Your response to the data below should hold nothing except the lines from the one containing "Funk up your" down to the one containing "Vintage German Nude", reproduced exactly and without pictures.

RECORD EXTRACTS:
☆ ☆ ☆ ☆ ☆ ☆ ☆

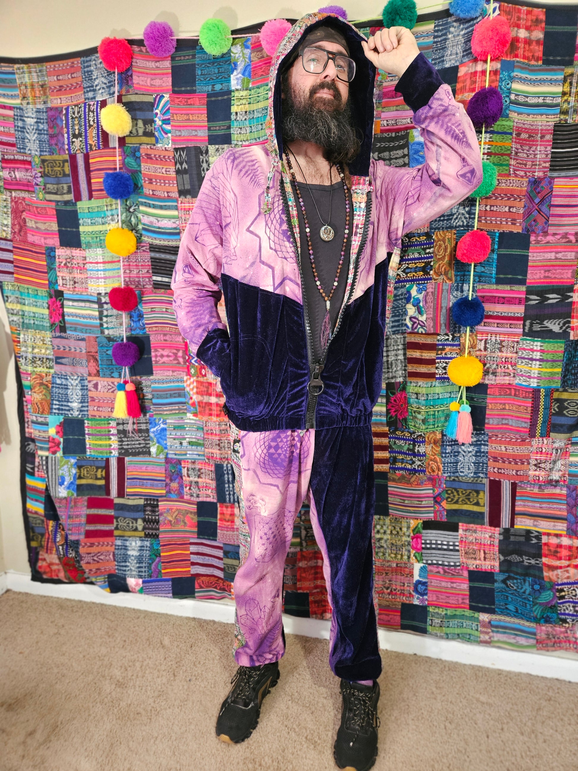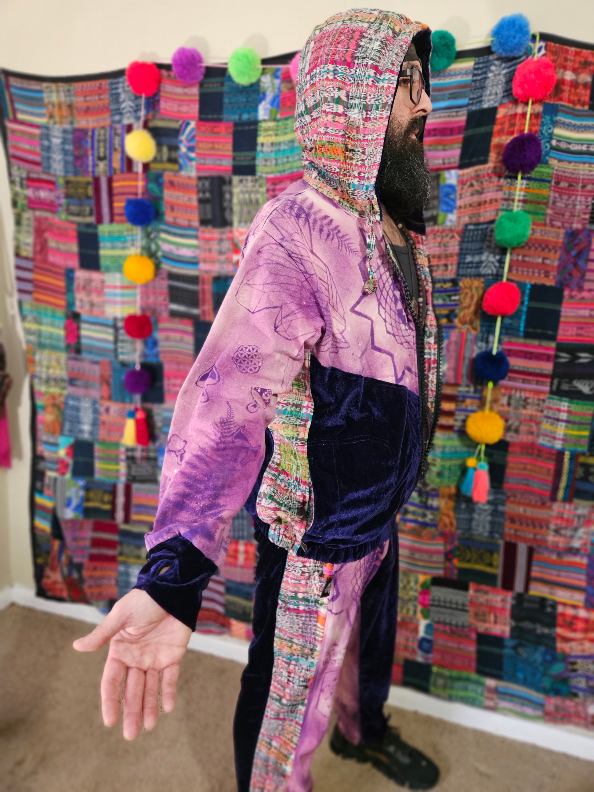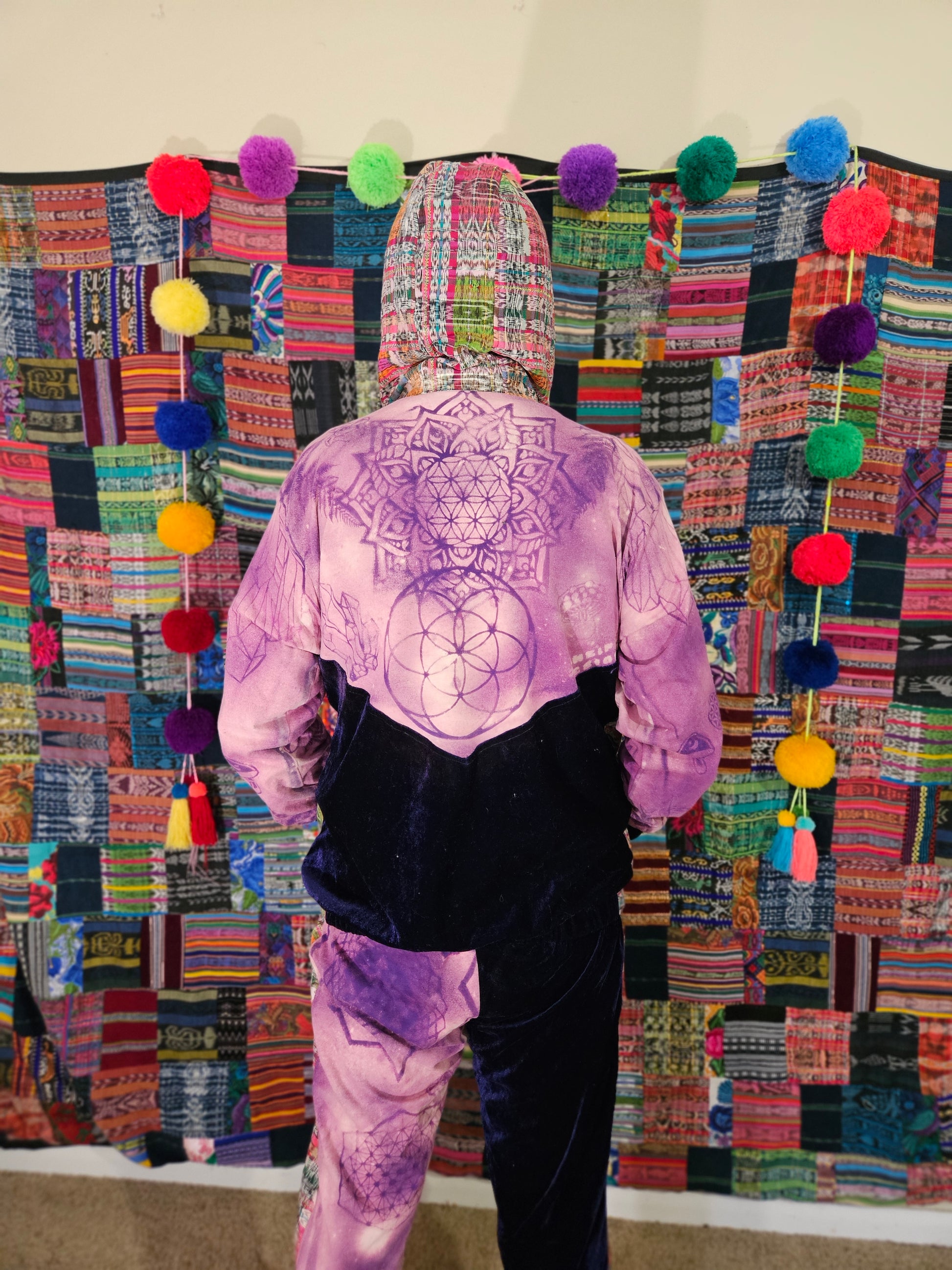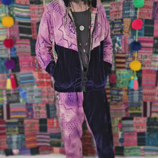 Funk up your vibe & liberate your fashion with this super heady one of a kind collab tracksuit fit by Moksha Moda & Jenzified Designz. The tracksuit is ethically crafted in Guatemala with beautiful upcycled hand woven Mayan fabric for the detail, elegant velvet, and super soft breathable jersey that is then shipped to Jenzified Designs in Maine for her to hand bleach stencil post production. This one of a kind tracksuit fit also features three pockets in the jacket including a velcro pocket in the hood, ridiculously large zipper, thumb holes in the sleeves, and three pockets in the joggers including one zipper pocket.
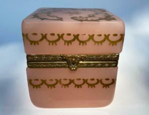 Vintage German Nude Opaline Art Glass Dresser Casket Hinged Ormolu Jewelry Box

☆ ☆ ☆ ☆ ☆ ☆ ☆

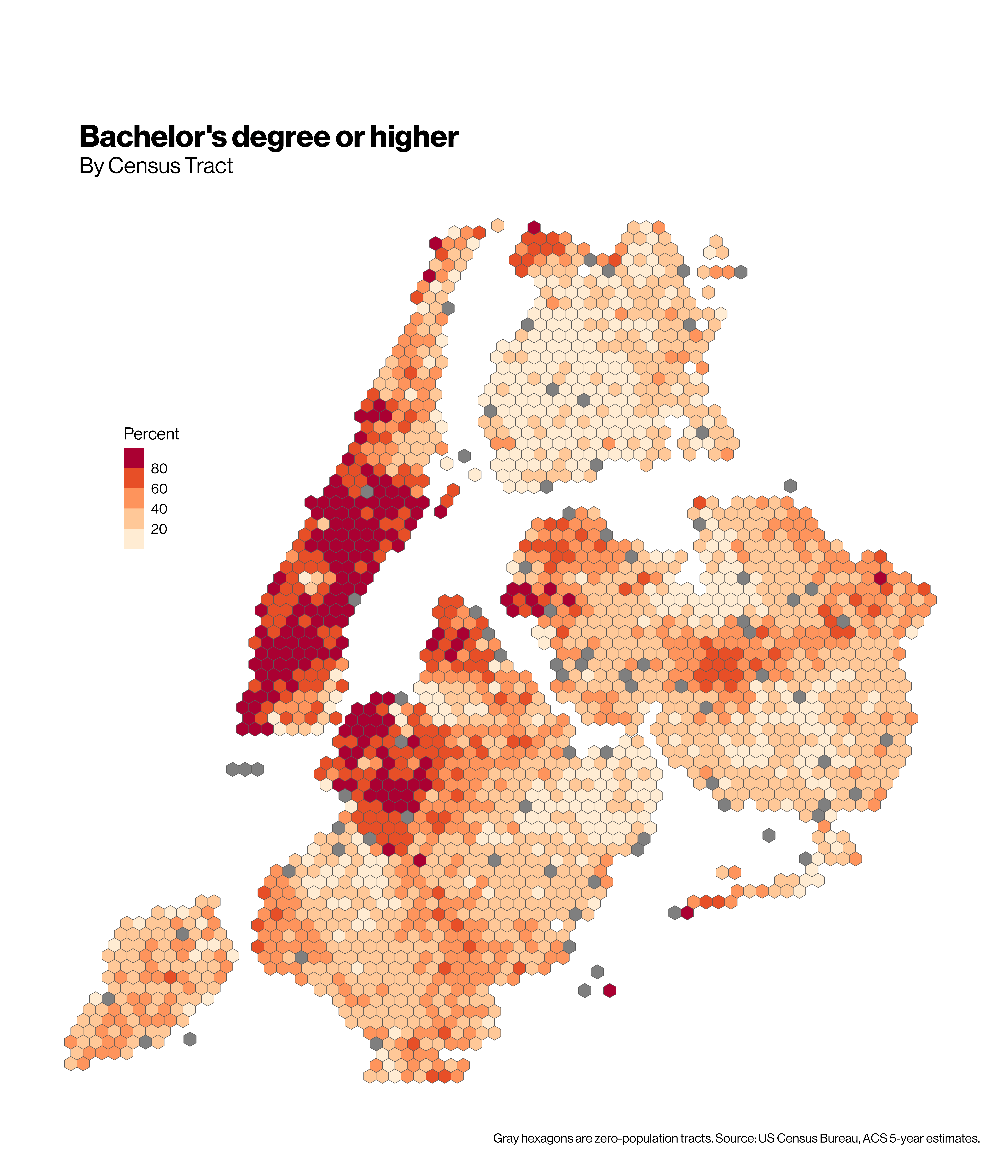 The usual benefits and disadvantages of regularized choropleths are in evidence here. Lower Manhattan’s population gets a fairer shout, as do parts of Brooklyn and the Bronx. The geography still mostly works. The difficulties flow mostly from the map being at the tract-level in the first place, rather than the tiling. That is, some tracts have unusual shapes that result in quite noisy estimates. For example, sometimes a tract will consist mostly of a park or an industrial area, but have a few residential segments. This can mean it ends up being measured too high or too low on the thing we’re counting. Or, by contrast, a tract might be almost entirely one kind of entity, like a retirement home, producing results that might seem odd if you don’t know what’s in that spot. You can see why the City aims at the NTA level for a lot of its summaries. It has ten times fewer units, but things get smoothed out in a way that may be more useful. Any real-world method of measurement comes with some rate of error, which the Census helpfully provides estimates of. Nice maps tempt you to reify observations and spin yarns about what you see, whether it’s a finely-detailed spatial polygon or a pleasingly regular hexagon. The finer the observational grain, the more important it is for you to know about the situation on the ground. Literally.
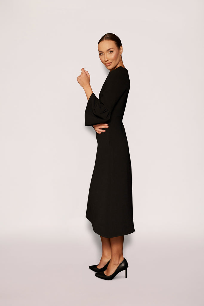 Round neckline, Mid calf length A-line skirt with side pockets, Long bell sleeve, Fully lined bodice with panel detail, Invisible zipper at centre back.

☆ ☆ ☆ ☆ ☆ ☆ ☆

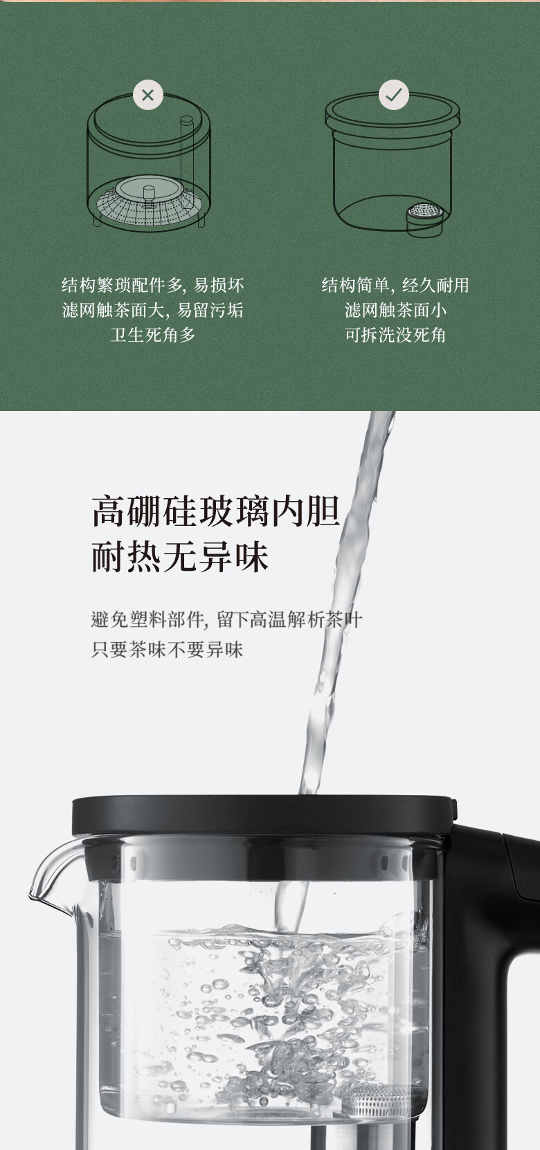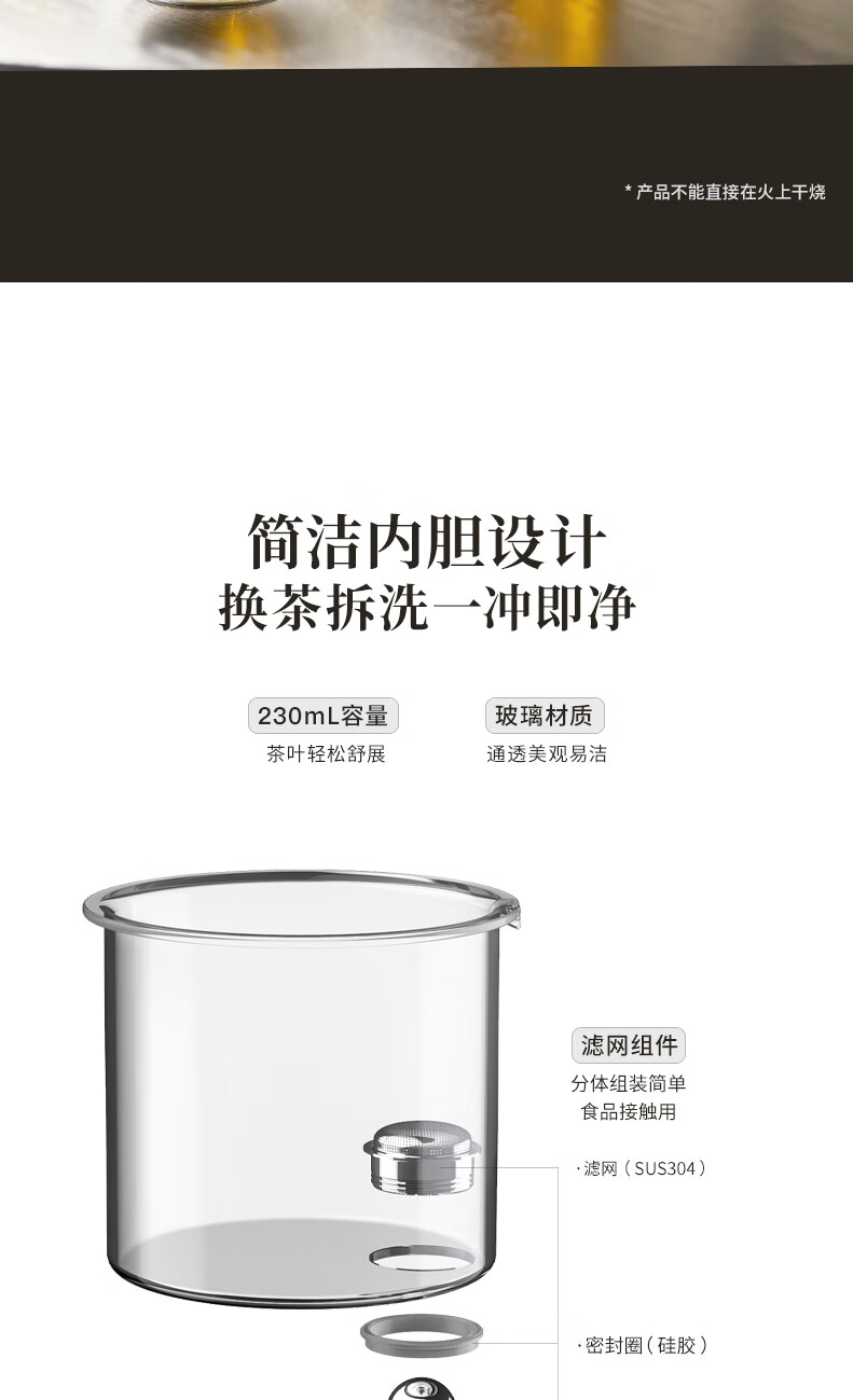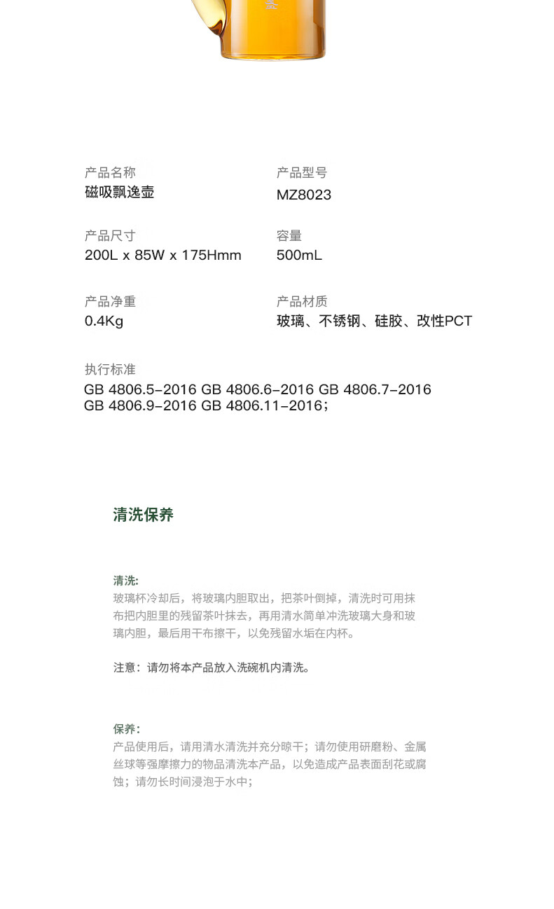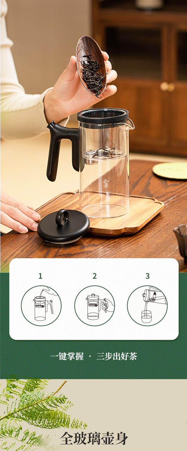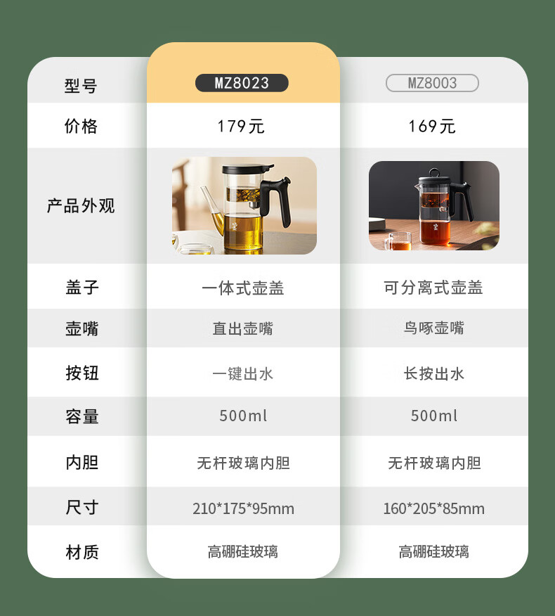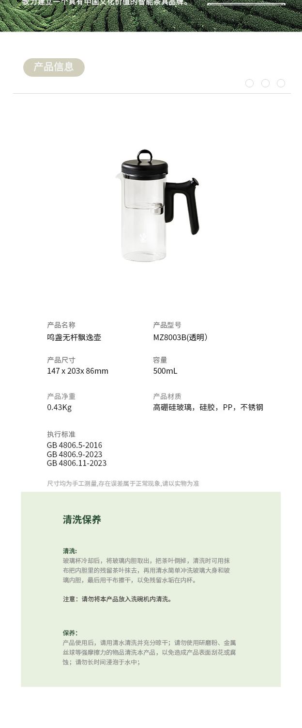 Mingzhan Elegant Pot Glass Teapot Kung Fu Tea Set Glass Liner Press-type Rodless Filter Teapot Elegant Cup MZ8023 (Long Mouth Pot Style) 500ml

☆ ☆ ☆ ☆ ☆ ☆ ☆

PROBLEM SOLUTION:
 Funk up your vibe & liberate your fashion with this super heady one of a kind collab tracksuit fit by Moksha Moda & Jenzified Designz. The tracksuit is ethically crafted in Guatemala with beautiful upcycled hand woven Mayan fabric for the detail, elegant velvet, and super soft breathable jersey that is then shipped to Jenzified Designs in Maine for her to hand bleach stencil post production. This one of a kind tracksuit fit also features three pockets in the jacket including a velcro pocket in the hood, ridiculously large zipper, thumb holes in the sleeves, and three pockets in the joggers including one zipper pocket.
 Vintage German Nude Opaline Art Glass Dresser Casket Hinged Ormolu Jewelry Box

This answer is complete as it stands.